[Your assignment]
A partial copy is required: transcribe exactly the lines from the one containing "1、鬼谷八荒小幸姐修改器目前" through the last line below, without any pictures.

[Recorded data]
|---|
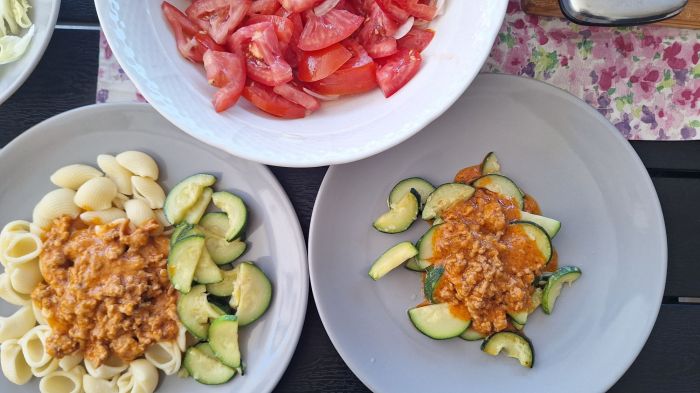 Pred vami so naša kosila, ki smo jih jedli drugi teden našega dopusta. Naše počitnice opisujem na instagramu in v blog objavi. TEDENSKI JEDILNIK PONEDELJEK (po naročilu) Hamburgerji LCHF: solatni krožnik z mocarelo TOREK Pire krompir Pohani piščančji zrezki Mešana solata LCHF: solata (ledenka, paradižnik, kumare, jajca, sir v slanici) SREDA Pečen krompir Pečene bučke … Nadaljuj z branjem 🍽 Tedenski jedilnik, 30. teden, 2024
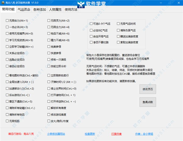 1、鬼谷八荒小幸姐修改器目前只有简体中文语言,在任何系统上均显示简体中文,不会出现乱码。
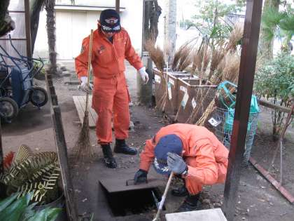 外庭の隅にある消防設備としての防火水槽の水量や安全性を確かめるために丹羽消防署の方々が来てくださいました。学校の安全は、色々な人たちに守られていることを今日も実感することができました。
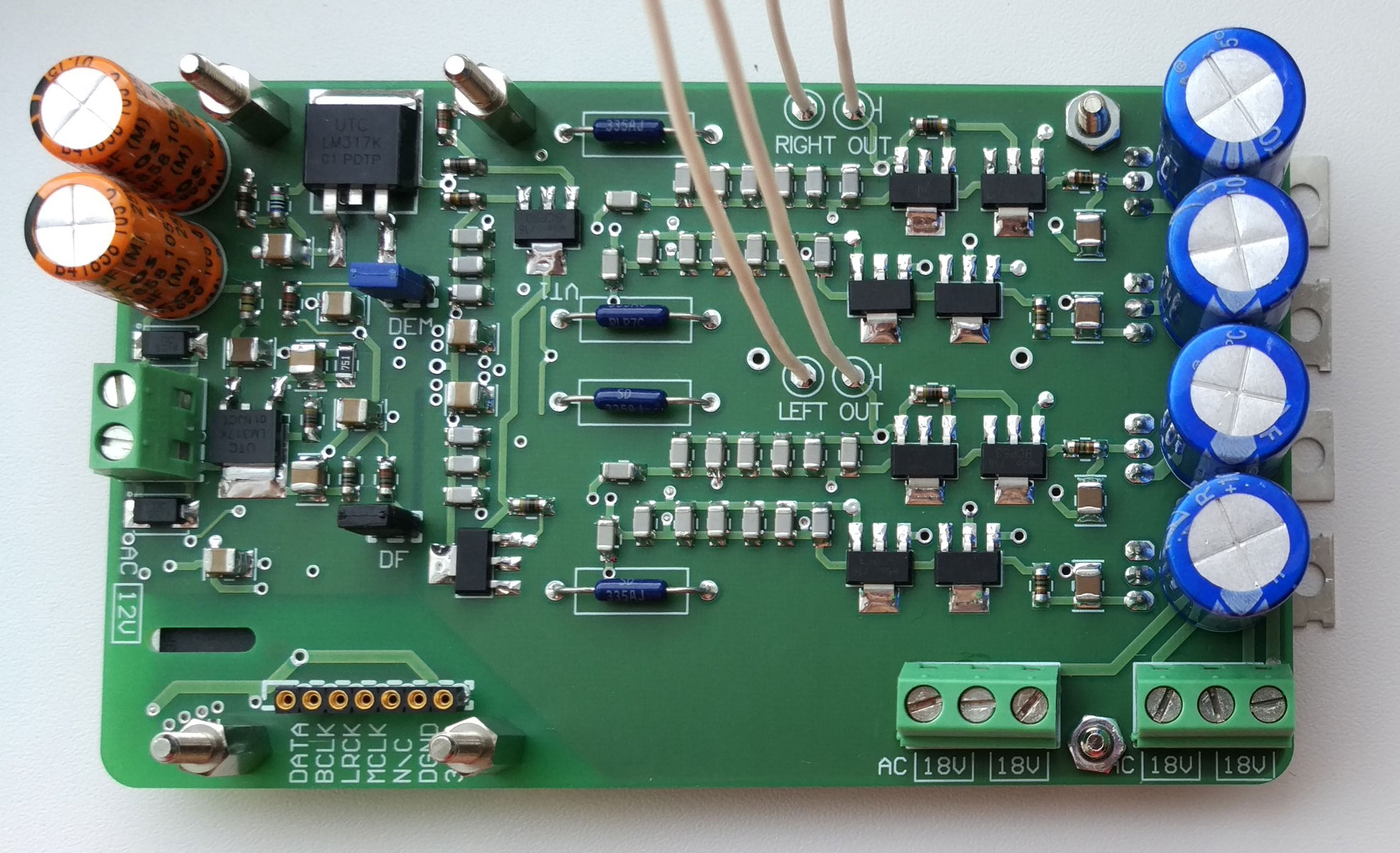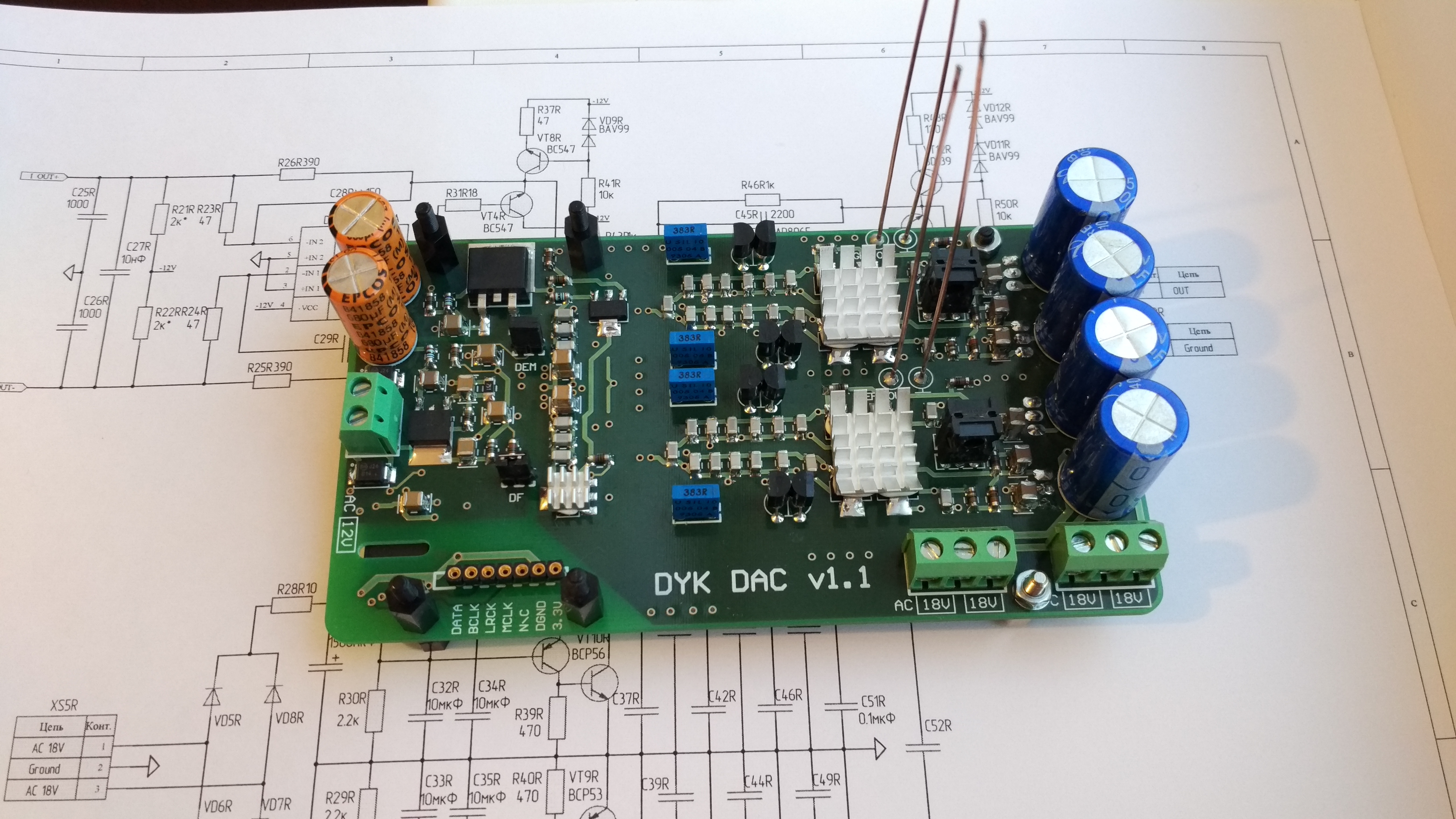 Запустил цап, звучит довольно приятно, ни какого клипа нет, сравниваю с D47, звук точно разный, пока не могу описать разницу надо послушать, при 0дб тестового сигнала на выходе DYK DAK-а 2.11вольт у D47 2.71вольт.
|---|
[Expected answer]
 1、鬼谷八荒小幸姐修改器目前只有简体中文语言,在任何系统上均显示简体中文,不会出现乱码。
 外庭の隅にある消防設備としての防火水槽の水量や安全性を確かめるために丹羽消防署の方々が来てくださいました。学校の安全は、色々な人たちに守られていることを今日も実感することができました。
 Запустил цап, звучит довольно приятно, ни какого клипа нет, сравниваю с D47, звук точно разный, пока не могу описать разницу надо послушать, при 0дб тестового сигнала на выходе DYK DAK-а 2.11вольт у D47 2.71вольт.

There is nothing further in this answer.